_Materials provided_:

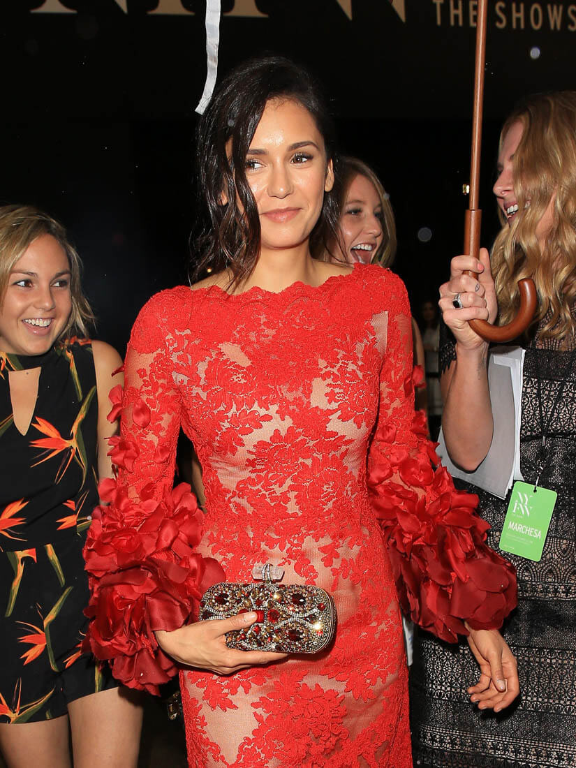 I hate Nina Dobrev’s red Marchessa dress.
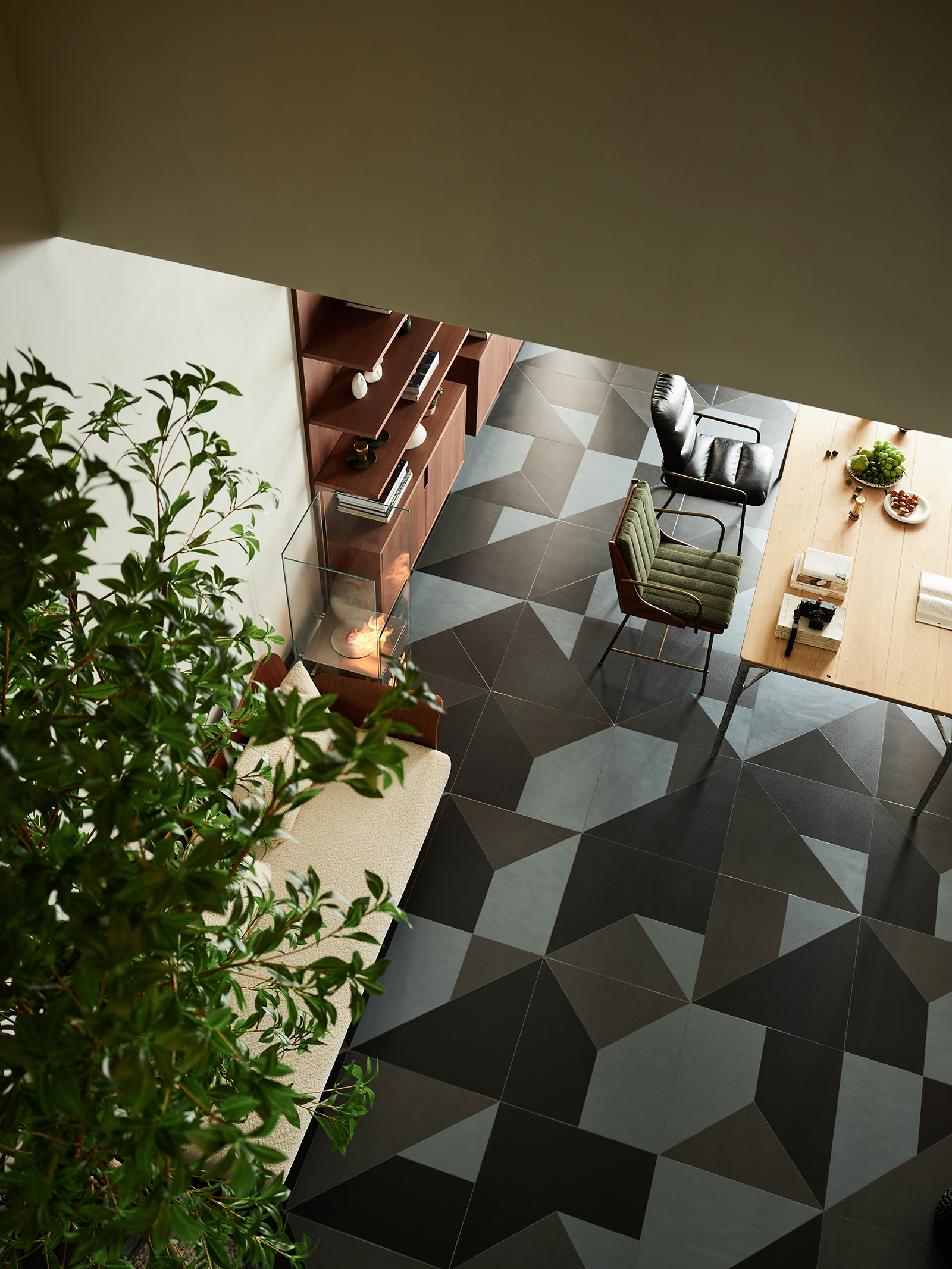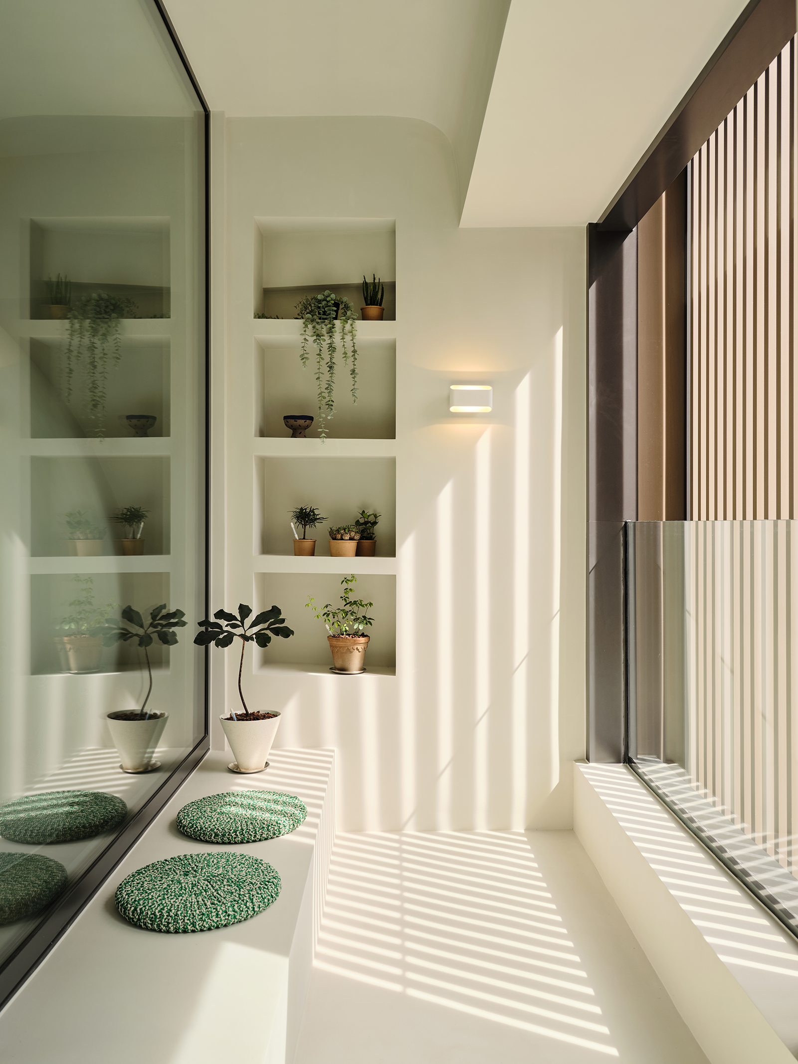 外部区域则围合成了一处休闲区,放上几个座垫,搭配点绿植,夕阳下斜卧在椅中吹着晚风看着落日,想想都是一件畅快事儿。
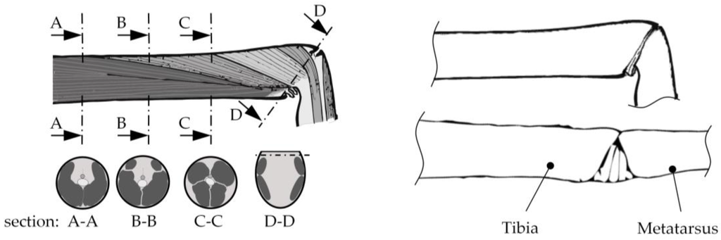 Cross section view of a tibial segment of a spider leg. Sketches according to [24].
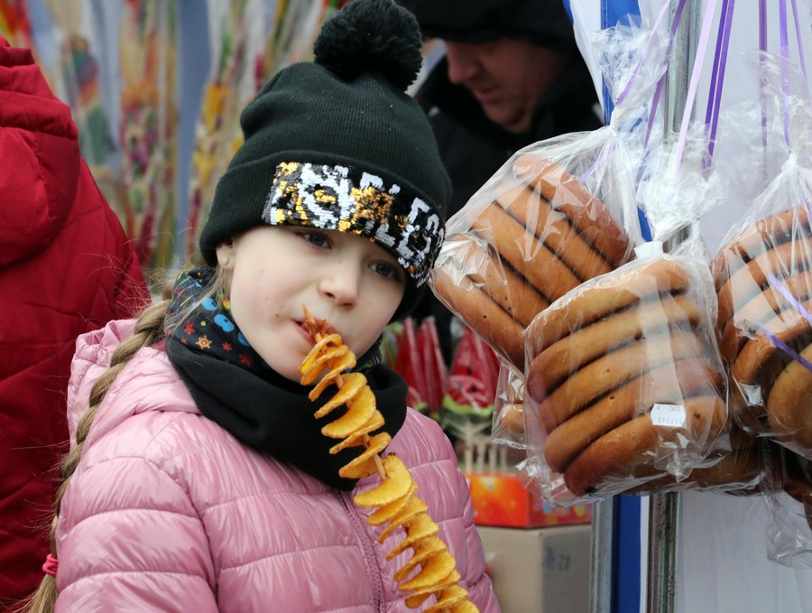 A girl tastes a snack at the Kaziukas fair in Vilnius, Lithuania, on March 5, 2022. (Xinhua/Xue Dongmei)
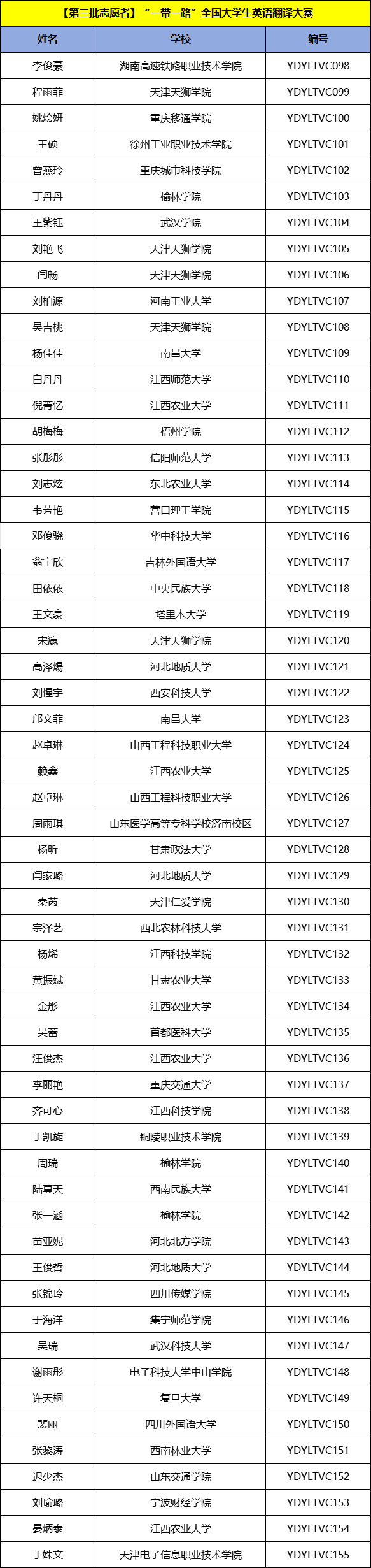 自大赛开始以来,得到了全国各高校老师、同学的广泛支持和关注,目前已统计到第三批志愿者名单如下表所示:

_Your goal_:
Output nothing but the records, word for word, and none of their pictures.

_Output below_:
 I hate Nina Dobrev’s red Marchessa dress.
 外部区域则围合成了一处休闲区,放上几个座垫,搭配点绿植,夕阳下斜卧在椅中吹着晚风看着落日,想想都是一件畅快事儿。
 Cross section view of a tibial segment of a spider leg. Sketches according to [24].
 A girl tastes a snack at the Kaziukas fair in Vilnius, Lithuania, on March 5, 2022. (Xinhua/Xue Dongmei)
 自大赛开始以来,得到了全国各高校老师、同学的广泛支持和关注,目前已统计到第三批志愿者名单如下表所示:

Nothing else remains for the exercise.